=== Begin Enclosure ===

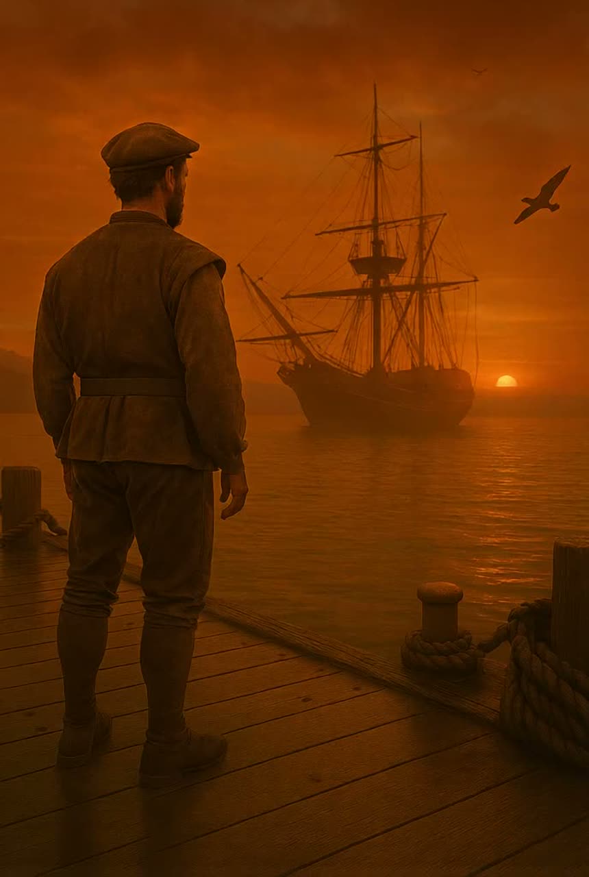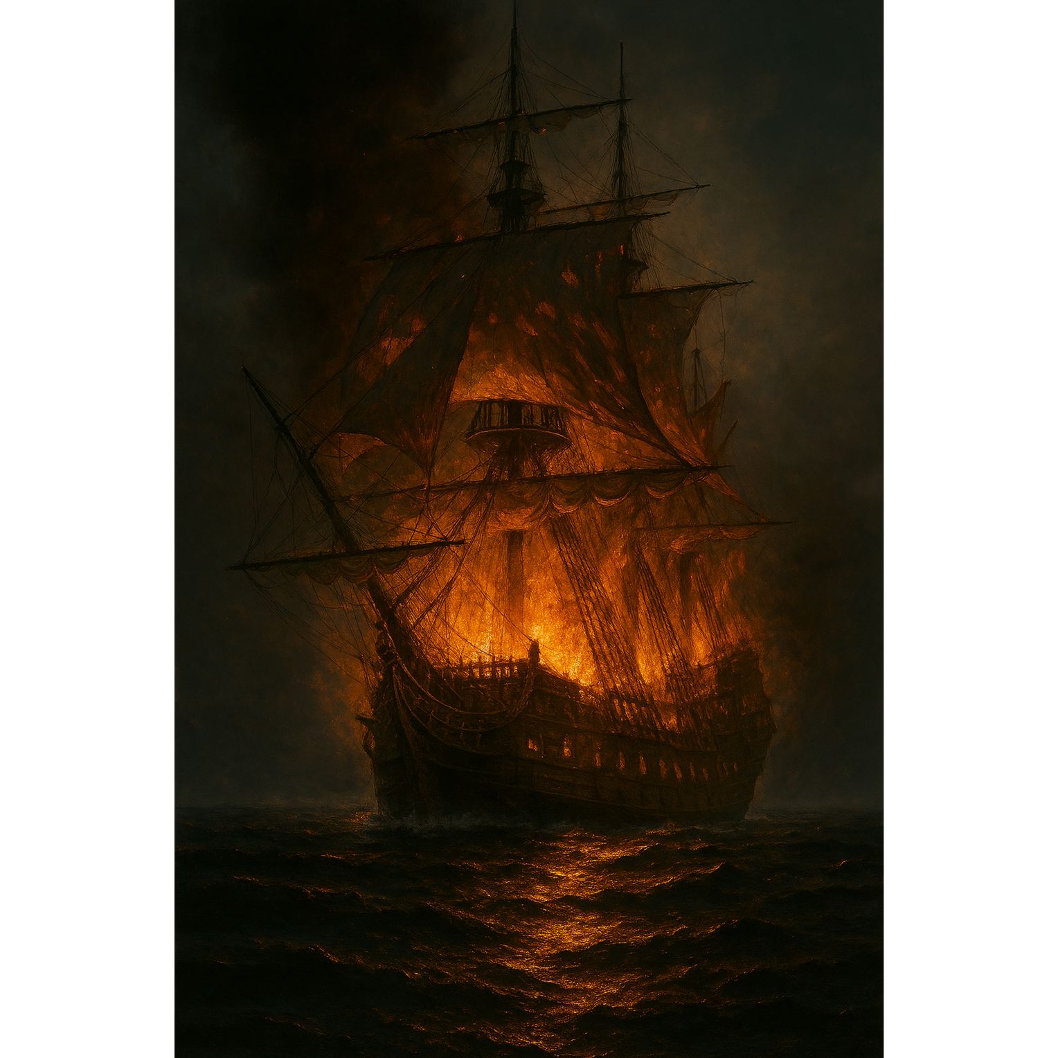 A cinematic dark rock journey with ambient textures and progressive metal tension, The track opens in D minor—ghostly guitars, deep toms, and drifting synths set a suspended mood, Vocals are low, narrative, and intimate, Chaos erupts with dissonant riffs and tremolo solos in E Phrygian, driven by galloping drums, The chorus is heavy yet melodic, echoing loss and survival, A sparse G minor bridge floats like a lifeboat on open water—minimal, haunting, The second solo in A minor mourns with aching bends and shimmering harmonics, The outro returns to the fragile intro motif, fading into silence, The fire dies, but its echo remains
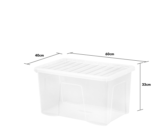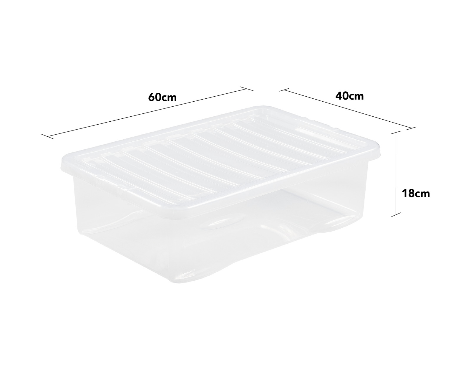 32 Litres Storage Box with Lid Underbed Clear Plastic Container - UK Made
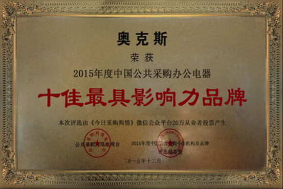 于是,高规格、高品质、高技术的奥克斯空调产品,也开始越来越多受到社会各界人士的一致认可和好评,奥克斯“绿色时尚健康”的品牌理念更成为中央及地方政府机关争相购买的典范,斩获2015年度公共采购办公电器十佳最具影响力品牌。
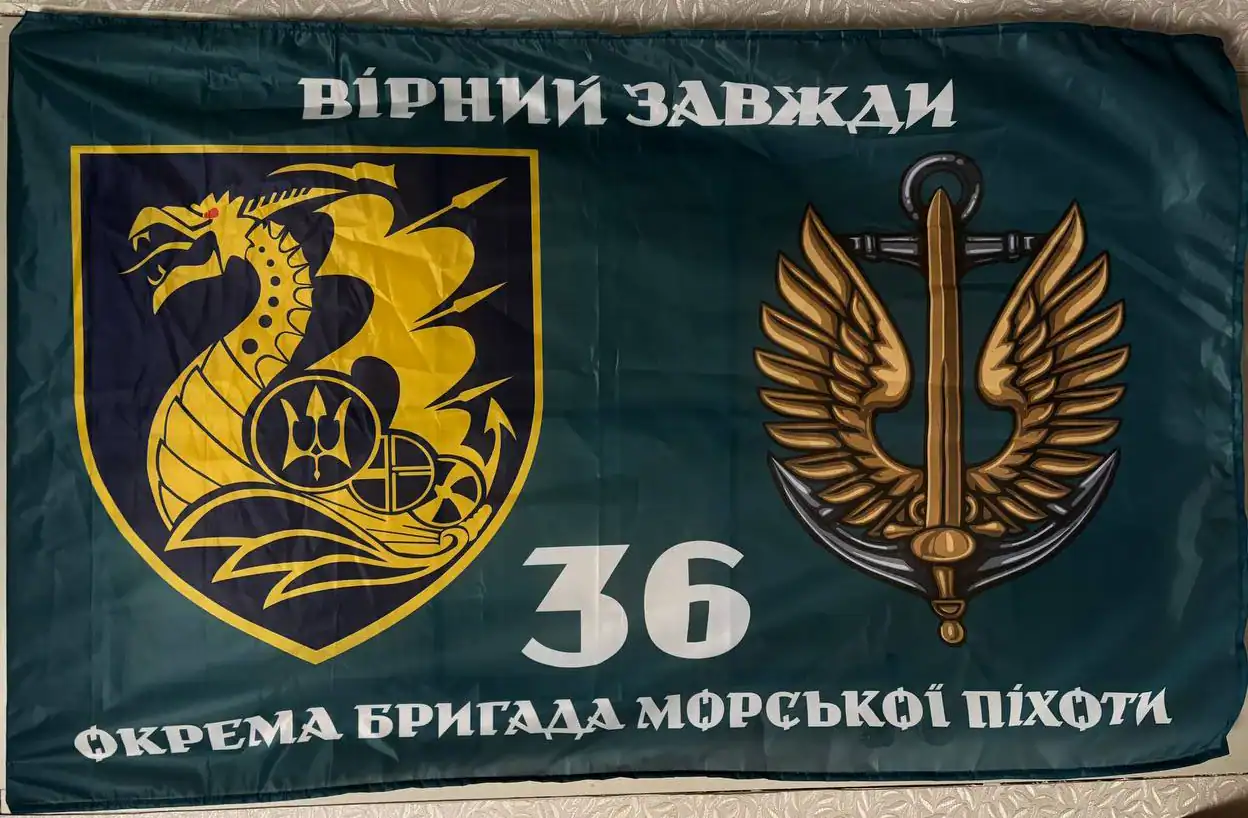 Ukrainian 36th Marine Brigade Flag – 120×80 cm with Dual Emblems
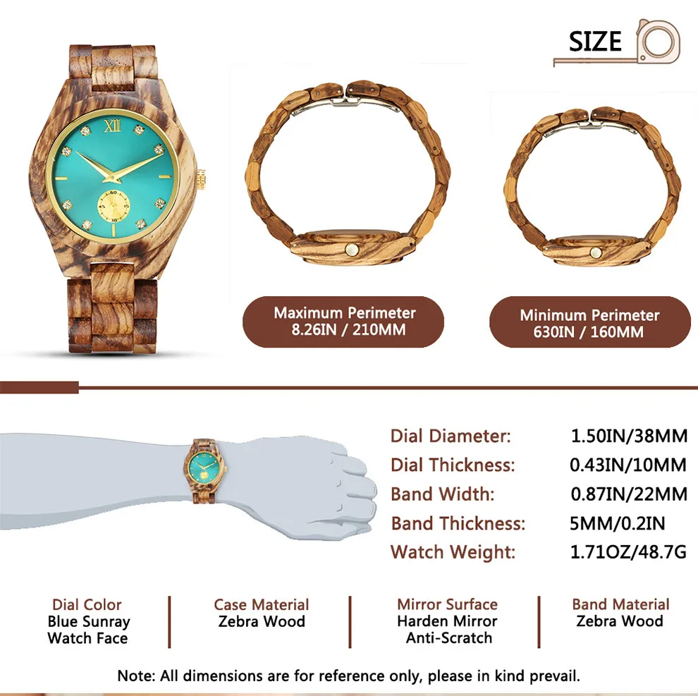 To maintain the beauty and functionality of your Women’s Quartz Wood Watch, follow these care tips:
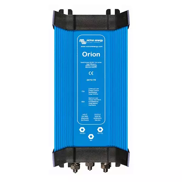 L'abaisseur de tension 24V-12V - 70A de VICTRON ENERGY vous permet de transformer une tension de 24 Volts DC (courant continu) en 12 Volts DC.
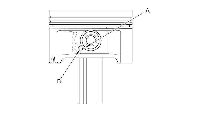 2. Apply new engine oil to the piston pin snap rings (A) and turn them in the ring grooves until the end gaps are lined up with the cutouts in the piston pin bores (B).

=== End Enclosure ===

*Activity*
A word-for-word retyping of the material above is expected, without pictures.

*Answer to the problem*
 A cinematic dark rock journey with ambient textures and progressive metal tension, The track opens in D minor—ghostly guitars, deep toms, and drifting synths set a suspended mood, Vocals are low, narrative, and intimate, Chaos erupts with dissonant riffs and tremolo solos in E Phrygian, driven by galloping drums, The chorus is heavy yet melodic, echoing loss and survival, A sparse G minor bridge floats like a lifeboat on open water—minimal, haunting, The second solo in A minor mourns with aching bends and shimmering harmonics, The outro returns to the fragile intro motif, fading into silence, The fire dies, but its echo remains
 32 Litres Storage Box with Lid Underbed Clear Plastic Container - UK Made
 于是,高规格、高品质、高技术的奥克斯空调产品,也开始越来越多受到社会各界人士的一致认可和好评,奥克斯“绿色时尚健康”的品牌理念更成为中央及地方政府机关争相购买的典范,斩获2015年度公共采购办公电器十佳最具影响力品牌。
 Ukrainian 36th Marine Brigade Flag – 120×80 cm with Dual Emblems
 To maintain the beauty and functionality of your Women’s Quartz Wood Watch, follow these care tips:
 L'abaisseur de tension 24V-12V - 70A de VICTRON ENERGY vous permet de transformer une tension de 24 Volts DC (courant continu) en 12 Volts DC.
 2. Apply new engine oil to the piston pin snap rings (A) and turn them in the ring grooves until the end gaps are lined up with the cutouts in the piston pin bores (B).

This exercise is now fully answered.